(Stored dataset items)

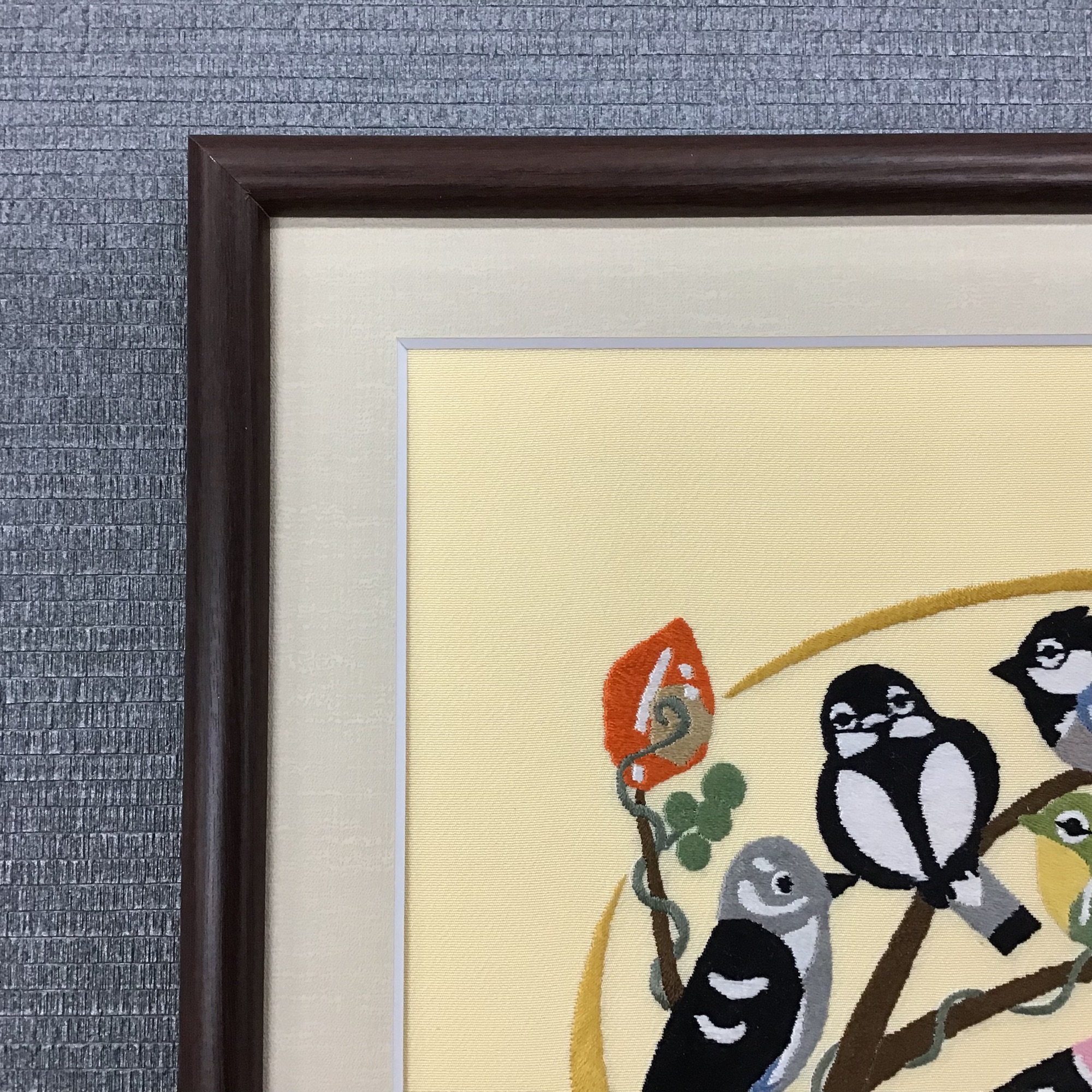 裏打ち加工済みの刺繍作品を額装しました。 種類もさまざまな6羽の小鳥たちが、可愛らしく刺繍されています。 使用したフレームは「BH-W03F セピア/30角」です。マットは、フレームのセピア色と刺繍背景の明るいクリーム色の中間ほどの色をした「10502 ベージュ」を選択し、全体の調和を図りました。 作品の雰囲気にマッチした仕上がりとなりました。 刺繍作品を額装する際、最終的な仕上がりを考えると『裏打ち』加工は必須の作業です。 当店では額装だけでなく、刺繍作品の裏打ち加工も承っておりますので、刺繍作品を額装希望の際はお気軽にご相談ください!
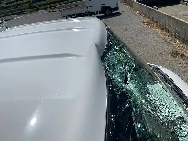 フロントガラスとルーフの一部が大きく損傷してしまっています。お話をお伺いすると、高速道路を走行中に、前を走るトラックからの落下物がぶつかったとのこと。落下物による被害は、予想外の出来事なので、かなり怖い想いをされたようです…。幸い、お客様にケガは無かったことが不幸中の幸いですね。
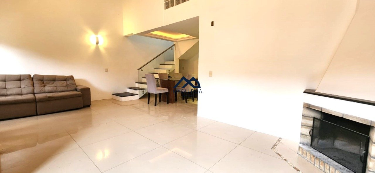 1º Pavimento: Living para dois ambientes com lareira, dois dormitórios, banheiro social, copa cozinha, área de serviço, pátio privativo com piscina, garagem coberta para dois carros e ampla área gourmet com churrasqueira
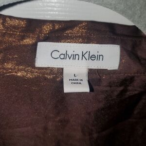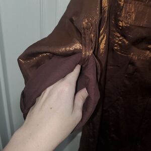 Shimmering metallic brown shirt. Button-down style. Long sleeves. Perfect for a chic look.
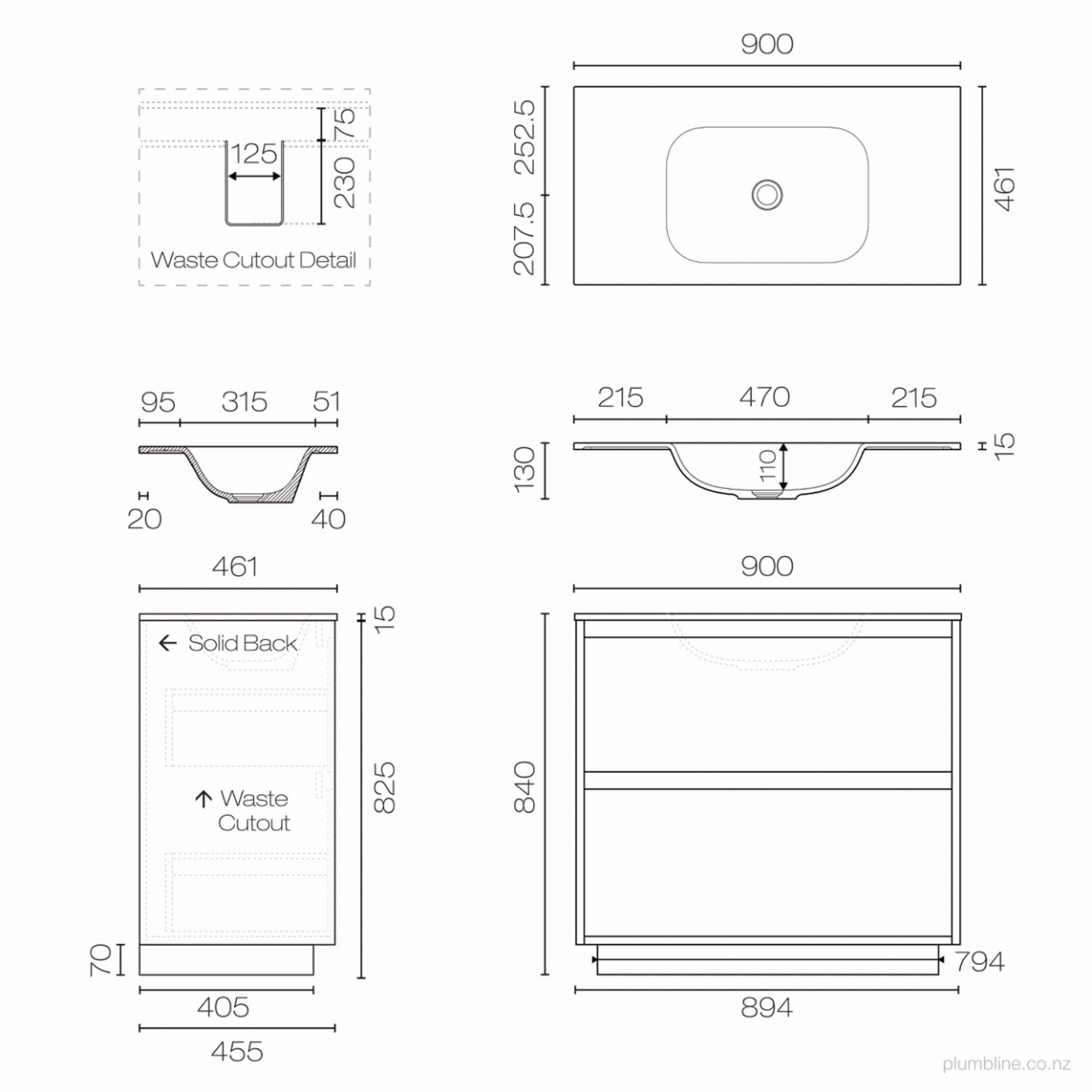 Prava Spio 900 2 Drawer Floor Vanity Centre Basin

**Work request:**
For each entry, copy the text exactly and leave out any image it carries.

**Answer for this exercise:**
 裏打ち加工済みの刺繍作品を額装しました。 種類もさまざまな6羽の小鳥たちが、可愛らしく刺繍されています。 使用したフレームは「BH-W03F セピア/30角」です。マットは、フレームのセピア色と刺繍背景の明るいクリーム色の中間ほどの色をした「10502 ベージュ」を選択し、全体の調和を図りました。 作品の雰囲気にマッチした仕上がりとなりました。 刺繍作品を額装する際、最終的な仕上がりを考えると『裏打ち』加工は必須の作業です。 当店では額装だけでなく、刺繍作品の裏打ち加工も承っておりますので、刺繍作品を額装希望の際はお気軽にご相談ください!
 フロントガラスとルーフの一部が大きく損傷してしまっています。お話をお伺いすると、高速道路を走行中に、前を走るトラックからの落下物がぶつかったとのこと。落下物による被害は、予想外の出来事なので、かなり怖い想いをされたようです…。幸い、お客様にケガは無かったことが不幸中の幸いですね。
 1º Pavimento: Living para dois ambientes com lareira, dois dormitórios, banheiro social, copa cozinha, área de serviço, pátio privativo com piscina, garagem coberta para dois carros e ampla área gourmet com churrasqueira
 Shimmering metallic brown shirt. Button-down style. Long sleeves. Perfect for a chic look.
 Prava Spio 900 2 Drawer Floor Vanity Centre Basin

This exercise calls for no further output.